In particular, in the logistic approach coefficients from the EuroSCORE multivariate model were directly applied to the Italian population; in the additive approach, the score from the additive EuroSCORE was first used as the only determinant in a univariate logistic regression of 30-day mortality and then its coefficient was applied to the Italian CABG population. Both methods allowed us to estimate an individual's probability of dying within 30 days of the procedure.
To evaluate how well the three models (additive EuroSCORE, logistic EuroSCORE and Italian CABG model) could predict 30-day mortality in cases of both low and high preoperative risk, five risk classes, previously described by other authors and concerning the EuroSCORE risk stratification for patients undergoing heart and thoracic aorta surgery [18], were analysed: 0.00–2.49%; 2.50–4.99%; 5.00–9.99%; 10.00–19.99%;
20.00%. The first risk class (0.00–2.49%) was subsequently split into two smaller classes (0.00–1.24% and 1.25–2.49%) because the 30-day mortality after isolated CABG intervention was the only end-point considered in the Italian study and was about 2.5%.
In each risk class and for each applied predictive model, the observed deaths/expected deaths ratio (O/E ratio) was calculated.
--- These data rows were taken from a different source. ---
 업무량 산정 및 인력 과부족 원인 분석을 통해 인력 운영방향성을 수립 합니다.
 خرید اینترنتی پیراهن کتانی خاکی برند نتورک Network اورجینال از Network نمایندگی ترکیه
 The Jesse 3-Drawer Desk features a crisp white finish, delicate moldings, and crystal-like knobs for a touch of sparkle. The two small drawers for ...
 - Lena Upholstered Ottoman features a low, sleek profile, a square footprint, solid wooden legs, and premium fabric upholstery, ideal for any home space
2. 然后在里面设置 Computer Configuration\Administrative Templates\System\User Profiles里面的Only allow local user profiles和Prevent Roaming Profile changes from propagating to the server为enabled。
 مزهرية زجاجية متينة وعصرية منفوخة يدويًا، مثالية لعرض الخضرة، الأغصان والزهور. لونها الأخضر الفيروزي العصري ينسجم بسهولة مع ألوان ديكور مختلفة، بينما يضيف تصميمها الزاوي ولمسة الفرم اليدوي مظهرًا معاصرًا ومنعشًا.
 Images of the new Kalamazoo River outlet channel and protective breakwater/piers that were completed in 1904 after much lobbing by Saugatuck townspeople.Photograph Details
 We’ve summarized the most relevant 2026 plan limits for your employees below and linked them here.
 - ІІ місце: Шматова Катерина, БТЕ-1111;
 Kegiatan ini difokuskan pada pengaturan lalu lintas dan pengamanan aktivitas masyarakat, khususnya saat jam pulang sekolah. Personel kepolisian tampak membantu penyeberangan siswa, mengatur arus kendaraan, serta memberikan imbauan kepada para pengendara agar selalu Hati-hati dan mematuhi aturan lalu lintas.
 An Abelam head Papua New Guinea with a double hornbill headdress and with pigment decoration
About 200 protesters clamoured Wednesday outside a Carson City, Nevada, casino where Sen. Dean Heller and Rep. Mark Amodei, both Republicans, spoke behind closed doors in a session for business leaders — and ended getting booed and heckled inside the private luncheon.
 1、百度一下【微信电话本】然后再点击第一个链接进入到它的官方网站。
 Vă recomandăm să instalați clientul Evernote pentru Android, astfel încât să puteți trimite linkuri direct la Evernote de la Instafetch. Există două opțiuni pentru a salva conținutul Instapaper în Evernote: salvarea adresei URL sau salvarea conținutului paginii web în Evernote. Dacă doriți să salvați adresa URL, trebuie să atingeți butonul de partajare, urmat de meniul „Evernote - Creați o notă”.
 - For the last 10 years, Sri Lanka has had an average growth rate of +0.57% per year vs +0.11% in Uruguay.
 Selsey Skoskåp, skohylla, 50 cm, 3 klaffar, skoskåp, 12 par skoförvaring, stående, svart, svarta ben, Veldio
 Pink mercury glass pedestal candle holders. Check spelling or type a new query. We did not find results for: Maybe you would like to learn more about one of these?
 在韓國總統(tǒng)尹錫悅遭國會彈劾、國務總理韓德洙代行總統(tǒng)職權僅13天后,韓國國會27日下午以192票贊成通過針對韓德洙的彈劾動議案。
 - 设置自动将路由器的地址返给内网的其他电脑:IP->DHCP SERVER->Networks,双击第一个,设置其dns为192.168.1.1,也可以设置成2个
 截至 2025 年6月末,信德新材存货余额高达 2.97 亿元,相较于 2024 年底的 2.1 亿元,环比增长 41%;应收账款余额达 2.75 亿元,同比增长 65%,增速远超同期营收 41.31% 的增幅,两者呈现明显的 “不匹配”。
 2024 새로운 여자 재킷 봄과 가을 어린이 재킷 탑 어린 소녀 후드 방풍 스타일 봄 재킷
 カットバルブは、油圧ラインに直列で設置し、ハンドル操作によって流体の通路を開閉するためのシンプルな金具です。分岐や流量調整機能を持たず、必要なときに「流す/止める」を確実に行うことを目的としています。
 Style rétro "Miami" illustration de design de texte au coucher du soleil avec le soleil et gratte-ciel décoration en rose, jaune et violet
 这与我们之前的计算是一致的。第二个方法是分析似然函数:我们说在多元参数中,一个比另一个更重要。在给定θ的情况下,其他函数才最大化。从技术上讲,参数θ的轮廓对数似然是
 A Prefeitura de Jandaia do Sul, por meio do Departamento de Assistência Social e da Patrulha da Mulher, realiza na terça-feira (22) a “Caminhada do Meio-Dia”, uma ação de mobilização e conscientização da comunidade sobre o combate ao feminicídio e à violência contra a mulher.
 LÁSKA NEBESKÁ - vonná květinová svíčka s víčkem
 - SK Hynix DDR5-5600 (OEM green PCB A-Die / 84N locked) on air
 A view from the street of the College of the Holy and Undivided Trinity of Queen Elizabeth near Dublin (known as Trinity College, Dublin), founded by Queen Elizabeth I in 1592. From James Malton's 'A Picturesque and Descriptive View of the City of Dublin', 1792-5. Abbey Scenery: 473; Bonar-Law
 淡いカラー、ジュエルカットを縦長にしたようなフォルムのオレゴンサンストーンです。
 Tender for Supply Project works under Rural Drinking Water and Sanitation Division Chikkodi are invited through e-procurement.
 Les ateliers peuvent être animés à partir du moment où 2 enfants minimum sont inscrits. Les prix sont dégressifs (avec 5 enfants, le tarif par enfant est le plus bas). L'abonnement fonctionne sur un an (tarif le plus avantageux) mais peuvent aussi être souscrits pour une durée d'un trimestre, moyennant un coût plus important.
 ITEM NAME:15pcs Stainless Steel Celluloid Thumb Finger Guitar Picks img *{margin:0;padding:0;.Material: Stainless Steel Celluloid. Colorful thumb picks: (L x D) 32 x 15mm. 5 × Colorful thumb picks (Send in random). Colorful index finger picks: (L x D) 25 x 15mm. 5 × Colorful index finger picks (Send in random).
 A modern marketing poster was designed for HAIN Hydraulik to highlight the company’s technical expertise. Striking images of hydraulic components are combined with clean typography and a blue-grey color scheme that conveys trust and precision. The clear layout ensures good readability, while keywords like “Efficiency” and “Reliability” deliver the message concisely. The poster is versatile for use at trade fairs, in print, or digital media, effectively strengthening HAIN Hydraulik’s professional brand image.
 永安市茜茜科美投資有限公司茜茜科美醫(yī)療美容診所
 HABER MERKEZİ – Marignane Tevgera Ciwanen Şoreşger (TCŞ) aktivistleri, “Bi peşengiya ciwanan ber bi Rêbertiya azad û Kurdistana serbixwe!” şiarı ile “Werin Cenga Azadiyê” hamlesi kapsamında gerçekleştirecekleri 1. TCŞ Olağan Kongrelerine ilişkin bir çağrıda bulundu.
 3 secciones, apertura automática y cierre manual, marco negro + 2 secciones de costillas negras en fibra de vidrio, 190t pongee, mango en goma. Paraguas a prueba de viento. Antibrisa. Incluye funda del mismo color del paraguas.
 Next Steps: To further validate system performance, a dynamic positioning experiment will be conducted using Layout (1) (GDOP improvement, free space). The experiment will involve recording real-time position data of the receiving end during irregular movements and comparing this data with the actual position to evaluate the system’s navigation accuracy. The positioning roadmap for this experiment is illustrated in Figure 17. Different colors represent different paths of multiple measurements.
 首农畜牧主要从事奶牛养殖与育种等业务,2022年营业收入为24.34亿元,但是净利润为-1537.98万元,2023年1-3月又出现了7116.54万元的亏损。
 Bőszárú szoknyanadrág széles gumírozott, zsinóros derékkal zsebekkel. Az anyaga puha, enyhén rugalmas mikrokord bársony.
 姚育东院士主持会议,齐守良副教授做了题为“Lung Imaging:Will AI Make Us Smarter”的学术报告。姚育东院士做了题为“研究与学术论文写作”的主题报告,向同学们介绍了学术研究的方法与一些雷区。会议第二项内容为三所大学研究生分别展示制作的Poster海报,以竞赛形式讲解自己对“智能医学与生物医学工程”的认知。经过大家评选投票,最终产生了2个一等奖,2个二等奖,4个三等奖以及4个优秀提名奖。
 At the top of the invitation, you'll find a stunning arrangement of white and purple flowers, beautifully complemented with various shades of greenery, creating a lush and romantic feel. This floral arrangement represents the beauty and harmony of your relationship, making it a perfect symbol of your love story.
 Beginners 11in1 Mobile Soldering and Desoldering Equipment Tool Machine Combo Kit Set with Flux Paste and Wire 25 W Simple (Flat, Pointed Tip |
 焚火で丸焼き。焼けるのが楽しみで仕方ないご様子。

In order to evaluate the concurrence of the different methods, the K statistics for the Cohen weighted concordance was calculated.
The performance of the three models in predicting 30-day mortality was formally assessed for calibration and discrimination; the Akaike Information Criterion (AIC) statistic was calculated, when possible.
2.1 Calibration
Calibration refers to the accuracy of a score's prediction. Model calibration can be assessed using the Hosmer–Lemeshow test (H–L test). In this analysis, records were split into eight groups of roughly equal size, on the basis of their predicted probability of death within 30 days of surgery. The predicted number of deaths in each group was then compared with the corresponding number of observed deaths. A significant result indicates that the observed and predicted values do not satisfactorily overlap.
2.2 Discrimination
Discrimination refers to the ability of a model to distinguish the value 0 from the value 1 of the dependent variable, that is, the ability of the score to distinguish patients who died from those who lived. Discrimination can be assessed by the area under the receiver operative characteristic curve (ROC). The ROC area can be interpreted as the probability that a patient who died had a higher risk score than a patient who survived. Thus the area under the curve is the percentage of randomly drawn pairs for which this is true. This is a fairly subjective measure and values greater than 0.8 usually indicate potentially useful discrimination. A value of 0.5 indicates random predictions.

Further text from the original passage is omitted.